Today’s European Central Bank’s meeting is expected to be imperative for the eurozone’s monetary policy. Markets are predicting that the central bank will give clarity on the steps it will take to unwind its easy money scheme.
The ECB are currently purchasing bonds worth €60 billion per month and are expected to cut this by €30 billion with the promise to continue to buy bonds for the next nine months.
Draghi is aiming to reduce stimulus while creating as little noise as possible in markets. To help aid this transition, the central bank will embody a slower exit strategy than previously thought, while extending the scope of its quantitative easing programme.
Although, the record low volatility levels will come to a close as the ECB withdraws from markets.

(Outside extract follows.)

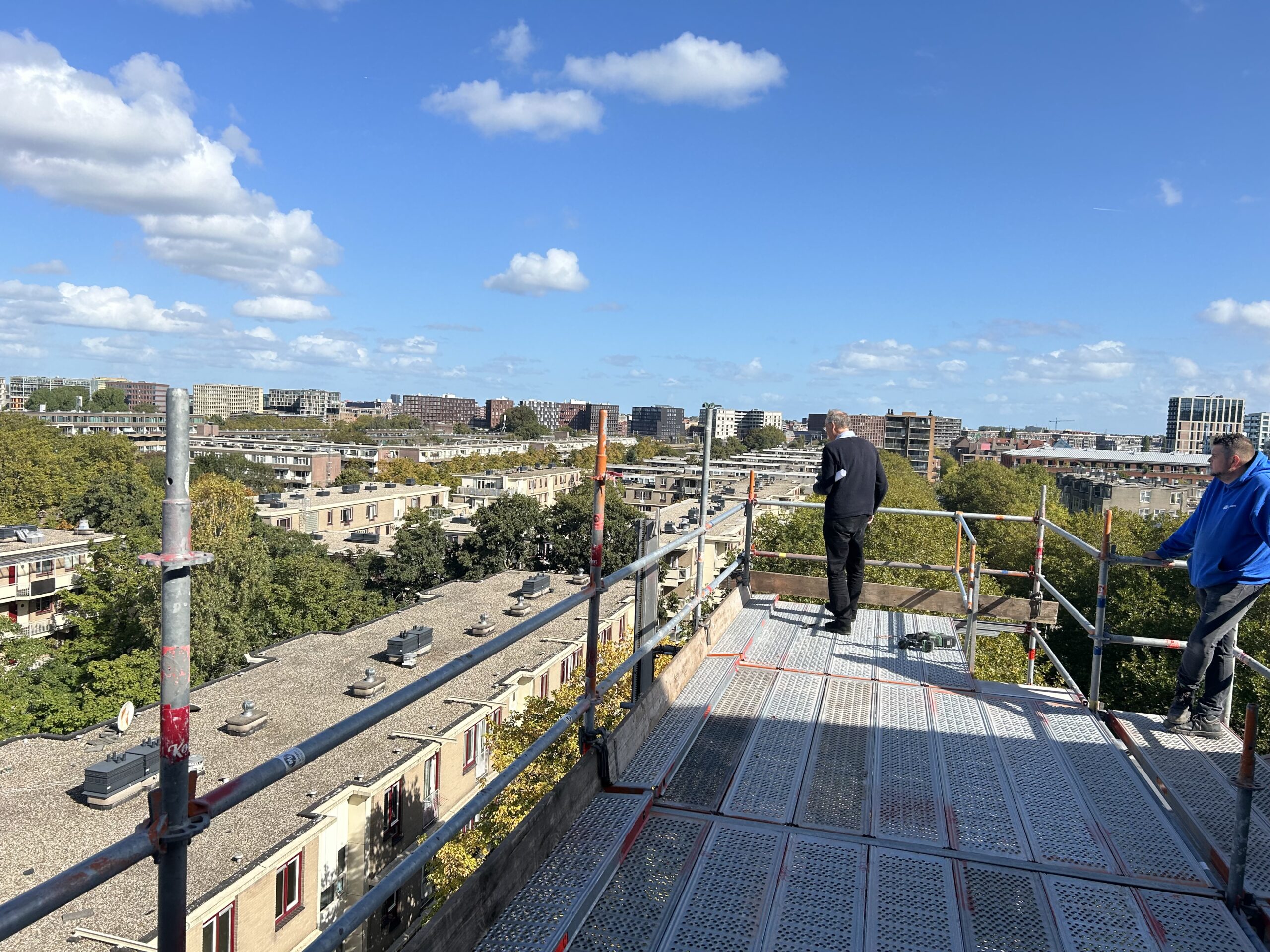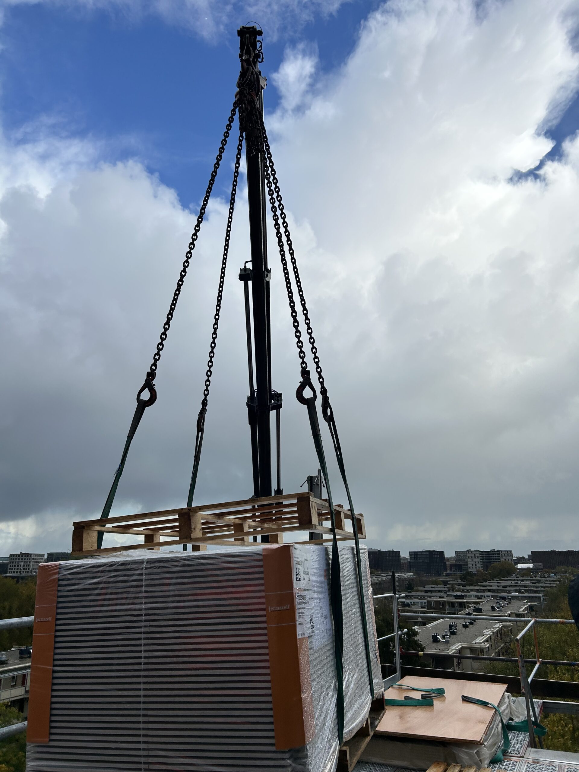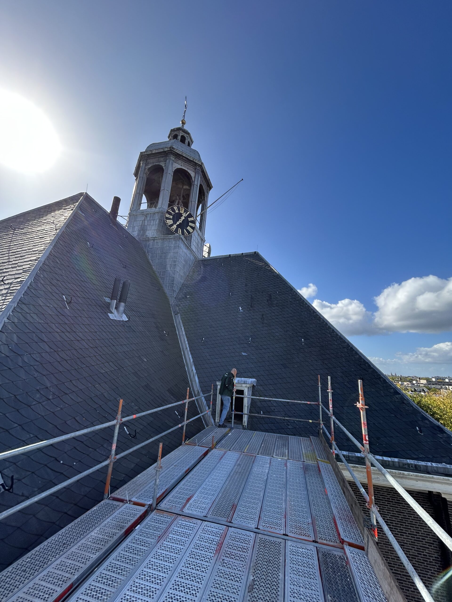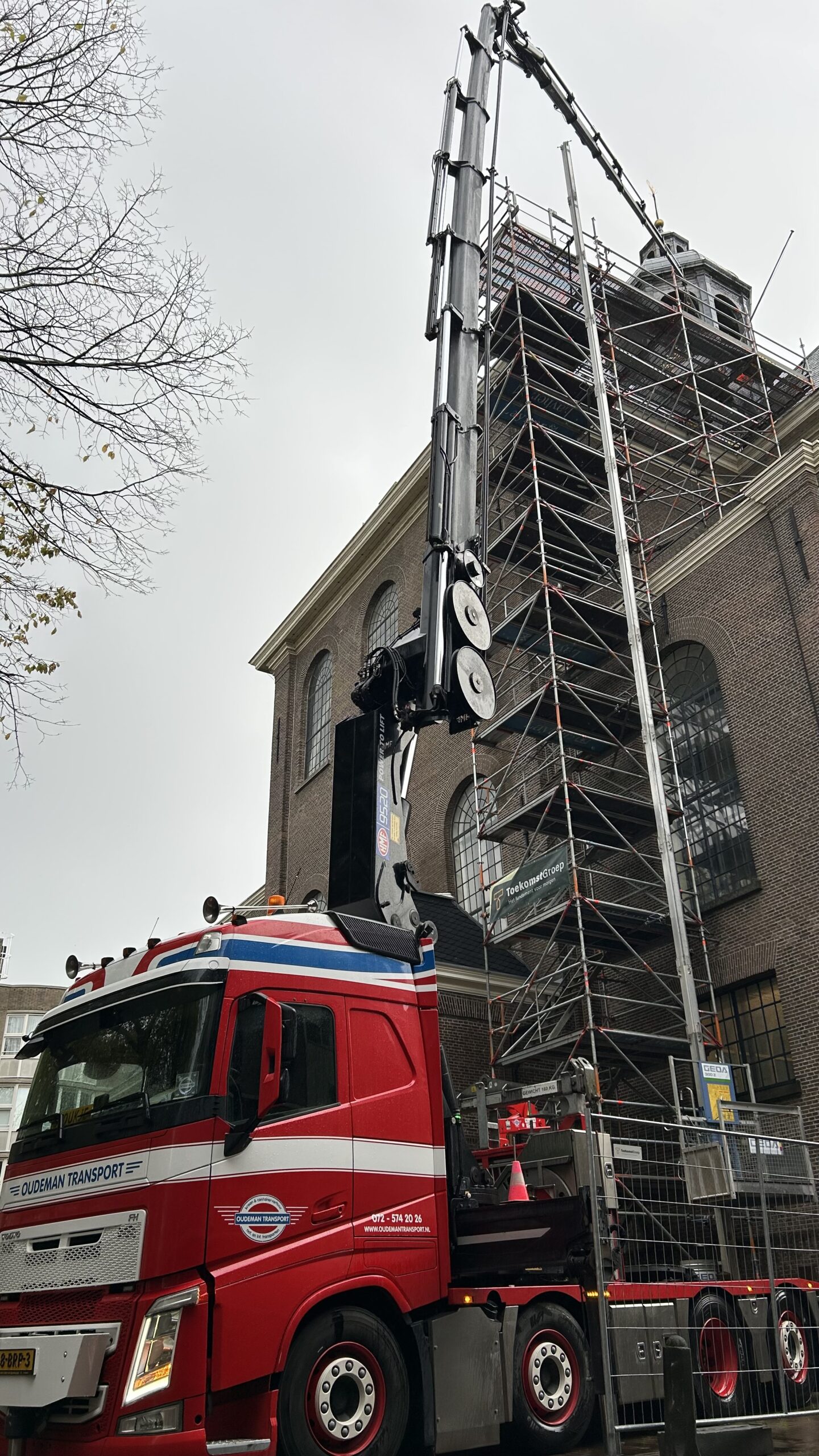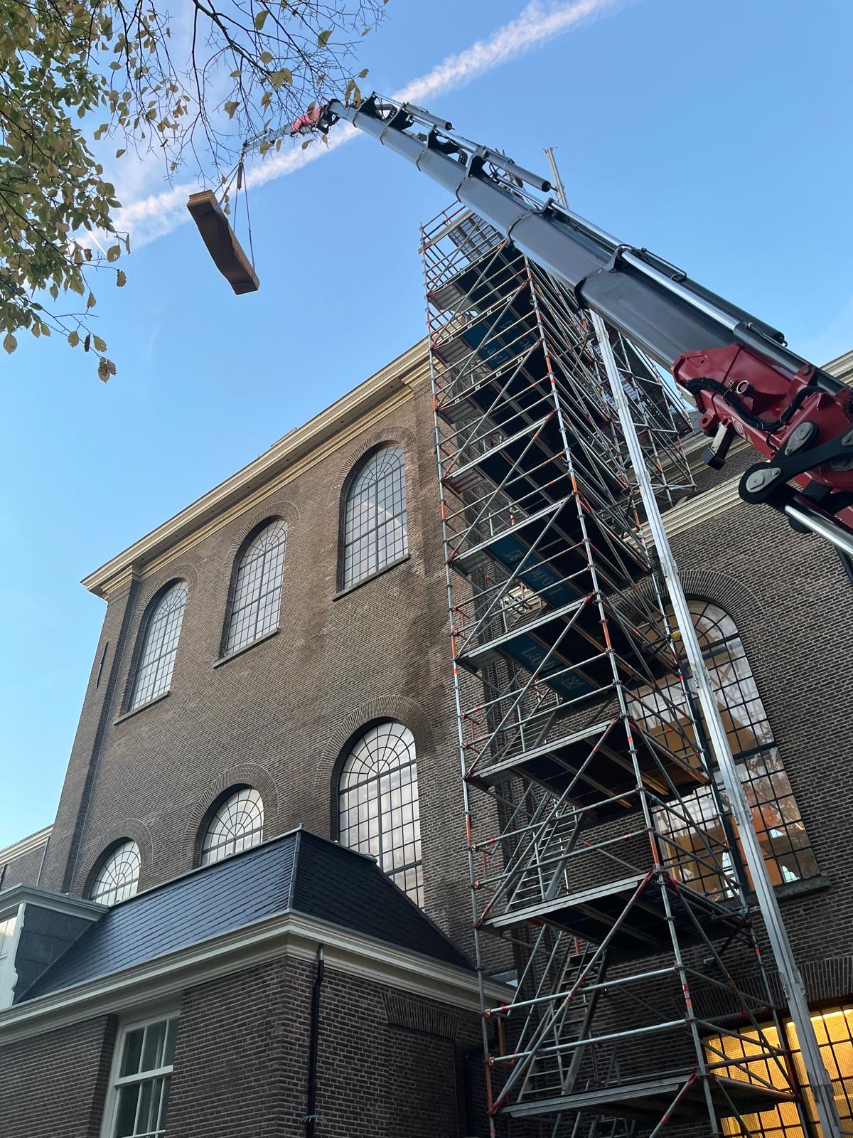 Eerst maakten we een groot plateau buiten de kerk, op hoogte van de zoldervloer. Vervolgens bracht een grote kraan de materialen vanaf de grond naar het plateau op 25 meter hoogte. Vanaf het plateau werden de materialen via een rollerbank door een klein dakkapelletje naar binnen gerold, zodat ze daarna verwerkt konden worden.

The central bank is mulling over the reinvestment of the proceeds from bond holdings as they come to maturity. This additional stimulus would provide an extra buffer amid concerns surrounding the end of quantitative easing.
The ECB is running low on bonds to buy, constrained by its own limitations.
Central banks in the eurozone’s smaller nations are already running short, with Germany being at the forefront of concerns. Most of the bonds come from Germany, but with its government’s budget surplus the countries debt pool is dwindling.
Policymakers are anxious about the euro’s rally this year – up 12% against the dollar – if the purchasing of bonds decelerates too quickly, the euro and German bonds could surge, hurting inflation and exports.
As for interest rate hikes, there could be delay as policymakers reduce asset purchases as a kind of substitute for raising the cost of borrowing. A rate increase will be more likely as we veer into the first half of 2019.
The eurozone is headed for its fastest expansion in a decade, making it more able to withstand less stimulus from the central bank.
Still, inflation is late to the party, at just 1.5% in September, below the ECB’s target of just under 2%. If the euro continues to edge upwards, inflation will struggle to reach the central bank’s objective of just under 2% by late 2019.
Wage stimulation seems to be the missing ingredient for inflation, which is not exclusively a eurozone problem, we can look just across the Atlantic, in the US, to find a similar narrative.
The participation rate could be the answer to this conundrum. In that, those in part-time employment, who want to work full time, or those who have been pushed out of the labour market and want to return are being excluded.